Теперь, когда наводнение достигло высшей своей точки, самым важным стало: не теряя ни мгновения, прочесать все части замка, в которых мог прятаться Стирпайк — окружить их кордонами из отборных людей, которые, стягиваясь по воде и по суше к центрам отведенных им участков, теоретически могли бы рано или поздно взять негодяя в кольцо. На карте Горменгаста Графиня обвела такие участки жирным синим карандашом. Командиры Досмотрщиков получили приказы. Ни единой щели не следовало оставить непроверенной, ни единой канавы — непрощупанной. И при нынешнем-то подъеме воды было б непросто загнать зверя, столь осторожного, а с каждым проходящим днем шансы изловить Стирпайка будут лишь понижаться — как понижался уровень паводка, — поскольку один этаж за другим начинал раскрывать лабиринты своих проходов, путаница которых позволяла беглецу все глубже зарываться во тьму.
Разумеется, вода будет спадать медленно, постепенно, однако Графиня исступленно сознавала: главное — время; никогда больше Стирпайк не очутится в сети настолько частой. Даже если потоп освободит один-единственный этаж, сотни путей протянутся во все стороны по всем его бесчисленным коридорам из мокрого камня. Времени терять было нельзя.

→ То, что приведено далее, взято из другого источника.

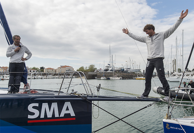 Grand moment de convivialité, hier sur les pontons de Port Olona. En présence de SMA et des équipes Mer Agitée, Michel Desjoyeaux a convié Paul Meilhat à passer du pont de son monotype au pont du monocoque de 60 pieds, convoyé tout spécialement sur les lieux du départ du Vendée Globe 2016. Après cinq saisons pleines sur le circuit Figaro, le skipper SMA va désormais se consacrer entièrement à l’IMOCA.

И сейчас-то театр военных действий — три верхних, сухих этажа и сырой «судоходный» (по которому раскрашенные суденышки резчиков сновали взад-вперед, или лежали, закренгованные, под огромными каминными досками, или покачивались, привязанные к перилам подзабытых лестниц, ярко отражаясь в темной воде) — весь этот театр — три сухих этажа и один полузатопленный, не были единственными местами, которые надлежало принять в расчет при составлении Генерального Плана. По счастью, большая часть широко раскинувшихся, по существу, бесчисленных разветвлений главного здания Горменгаста, еще пребывала затопленной, и следовательно, для изгнанника бесполезной. Оставалось, однако, немало башен, до которых молодой человек вполне мог добраться вплавь. А также оставалась Гора Горменгаст.

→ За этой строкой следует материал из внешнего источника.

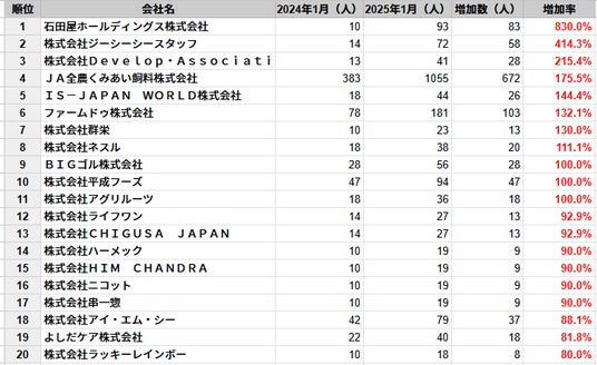 ・2024年1月時点と2025年1月時点の従業員数を比較

Графиня не питала опасений, что Стирпайк мог укрыться там — и не оттого только, что каждый вечер лодки пересчитывались и она знала: ни одна не украдена, — но и потому, что целая цепь судов, подобная низке цветных бусин, неустанно сновала, по распоряжению Графини, вкруг замковых вершин, днем и ночью преграждая беглецу путь к Горе.
Основу ее стратегии составляло соображение, что молодой человек должен чем-то питаться. Что до питья, такового ему хватало по горло.
Доказательством того, что он еще не погиб от голода или несчастного случая, послужило обнаруженное в тот самый день тело плававшее лицом вниз рядом с перевернутой рыбачьей лодкой. Несчастный погиб не более нескольких часов назад. Во лбу его торчал круглый камушек.
Штаб-квартира Графини располагалась теперь в длинной узкой комнате над «судоходным этажом», ближе к его середине.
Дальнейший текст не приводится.